Devadatta, Sakyamuni'nin kuzeniydi. O, Sakyamuni’nin rehberliği altında 12 yıl boyunca çalıştı. Kibir ve acımasızlığını asla terk etmedi ve sonuç olarak çok sayıda günahlar işledi. Sakyamuni doğaüstü yetenekleri ona öğretmeyi reddettiğinde, kısa süreliğine orayı terk etti ve daha sonra geri dönerek Sakyamuni’nin yerini almak amacıyla, diğer ustalardan birkaç numara (olağanüstü) öğrendi. Sakyamuni reddettiğinde, Devadatta öfke içinde Uppalavannā adında bir rahibeyi öldürdü. Gelecekte Sakyamuni’ye suikast etmesi için bir savaşçı kiraladı, ama bu kişi Sakyamuni’den etkilendi ve bunun yerine bir mürit oldu. Devadatta durmadı ve bir fili sokakta serbest bıraktı. Dev hayvanın Sakyamuni’nin üzerine basıp öldürmesini umuyordu. Neyse ki, Sakyamuni zarar görmedi. Devadatta sonra Sakyamuni’nin oturduğu yere doğru yukardan aşağı dev bir kaya itti. Sakyamuni’nin ayaklarına küçük kayalar çarptı ve oldukça kan kaybetti.

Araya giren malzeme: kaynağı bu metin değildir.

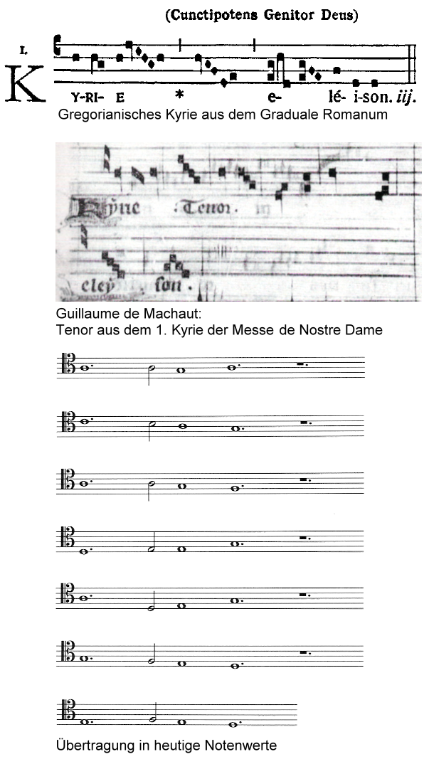 mittelalterliche Mehrstimmigkeit![]() Ein gregorianisches Kyrie als isorhythmischer Tenor in Guillaume de Machauts Messe de Nostre Dame Mittelalterliche Mehrstimmigkeit und gregorianischer Choral standen in einem gegenseitigen Wechselverhältnis. Einerseits war die Entwicklung der Mehrstimmigkeit zumindest bis ins 15. Jahrhundert hinein abhängig von den gregorianischen Melodien und deren liturgischer und theologischer Bedeutung, andererseits sorgte die Verbreitung der Mehrstimmigkeit dafür, dass das Interesse am einstimmigen liturgischen Gesang und die Kenntnisse über ihn immer mehr abnahmen. ![]() Zu Lehrzwecken notiertes Organum über die Sequenz Rex celi aus Musica enchiriadis Die frühesten, schriftlichen Berichte über Mehrstimmigkeit im Gottesdienst der Klöster und Kathedralen betreffen improvisierte Zweitstimmen zu gregorianischen Melodien. Erstmals theoretisch erfasst und graphisch dargestellt wurde die Mehrstimmigkeit in Form des Organums in der Musica enchiriadis noch vor 900 n. Chr.[72][73][74] Größere Bedeutung erlangte die Mehrstimmigkeit auf der Grundlage von Abschnitten der gregorianischen Melodien, die als Cantus firmus dienten, in der St. Martial-Schule und in der Notre-Dame-Schule. Die ersten namentlich berühmten Komponisten geistlicher Mehrstimmigkeit waren Leonin („optimus organista“) und Pérotin („optimus discantor“). Sie wirkten im späten 12. und frühen 13. Jahrhundert in der Kathedrale von Notre-Dame in Paris.[75] Die Musik seit der Zeit der Notre-Dame-Schule wurde ab etwa 1320 abwertend als Ars antiqua bezeichnet, die eigene Kunst des Komponierens dagegen als Ars nova. Die Komponisten der Ars nova wie Guillaume de Machaut nutzten zwar den gregorianischen Choral, indem sie zum Beispiel einen Abschnitt einer gregorianischen Melodie als Cantus firmus in isorhythmische Teile zerlegten und damit ihrer Komposition ein Gerüst gaben, entfernten sich dabei aber gänzlich vom ursprünglichen, spirituellen Charakter des gregorianischen Chorals.[75] Die Neuartigkeit der mehrstimmigen Kompositionstechniken stieß lange Zeit auf den Widerstand der Kirche. So kritisierte Papst Johannes XXII. den neuen Stil in einer Bulle von 1325 und verlangte unter Androhung von Kirchenstrafen die Wiederherstellung des einstimmigen Gesanges. Dem Papst zufolge sollten aus theologischen Gründen in der bisweilen zugelassenen mehrstimmigen Kirchenmusik gregorianische Melodien den Gang der Komposition bestimmen. Derlei Restriktionen konnten dem Siegeszug der Mehrstimmigkeit auch in der Kirchenmusik auf Dauer keinen Einhalt gebieten.[76][77] ![]() Josquin des Prez: Missa de Beata Virgine. Das gregorianische Kyrie zum Fest Beata Maria Virgine wird in allen vier Stimmen durchimitiert und paraphrasiert. Die Cantus-firmus-Technik auf der Grundlage gregorianischer Melodien oder Melodieabschnitte erfuhr ihren Höhepunkt im 15. Jahrhundert. Allerdings wurden vermehrt auch andere Melodien als Cantus firmi verwendet. Dadurch wurde die Abhängigkeit der Mehrstimmigkeit vom gregorianischen Choral geringer. Andererseits konnte eine gregorianische Melodie in durchimitierenden Satztechniken die Motivik aller Stimmen erfassen, wie im Kyrie der Missa da Beata Virgine, einem Spätwerk von Josquin des Prez aus dem ersten Viertel des 16. Jahrhunderts. Doch gegen Ende des 16. Jahrhunderts verlor sich die Bedeutung der gregorianischen Melodien als Kompositionsmaterial. Das gelegentliche Zitieren und Verarbeiten gregorianischer Motive und Melodien war ab da kaum mehr liturgisch bestimmt und hatte eher den Wert eines archaischen Symbols.[75] Die Verschriftung und die Verwendung des gregorianischen Gesangs in der Mehrstimmigkeit vom 9. bis zum 15. Jahrhundert hatten sich auf die Vortragsweise und auf die liturgische Bedeutung des gregorianischen Gesanges negativ ausgewirkt. Er wurde vom lebendig vorgetragenen Gotteswort sukzessive zu einem äqualistisch vorgetragenen Cantus planus, der durch den Vortrag in den die Obertöne verstärkenden gotischen Kathedralen die Entwicklung der Mehrstimmigkeit förderte. So schreibt Godehard Joppich:[78] „Das Vertrauen auf die Schrift führte zur Vernachlässigung des Erinnerns. Das Bedürfnis, die über lange Zeit mündlich tradierten Melodien aufzuschreiben, drängte überraschenderweise in ganz Europa fast gleichzeitig zur Bildung verschiedener Notationen. Es scheint von der Sorge ausgelöst, die Vielzahl der Melodien und alle ihre Vortragsnuancen nicht länger fehlerfrei im Gedächtnis behalten zu können.“ |

Devadatta günahlarından ötürü, sadece meyve statüsünü elde etmede başarısız olmadı, cehenneme de düştü.
Kibir bir kişiyi mahvedebilir ve sertçe düşürebilir. Bir uygulayıcı için, kibir alevi bir kez yandığında, sadece onun inancına zarar vermeyecektir, aynı zamanda onu yok edecektir.
Böylece kendime ve uygulayıcı arkadaşlarıma hatırlattım, kendimizi asla Fa veya Shifu’dan daha yüksek olarak düşünmemeliyiz.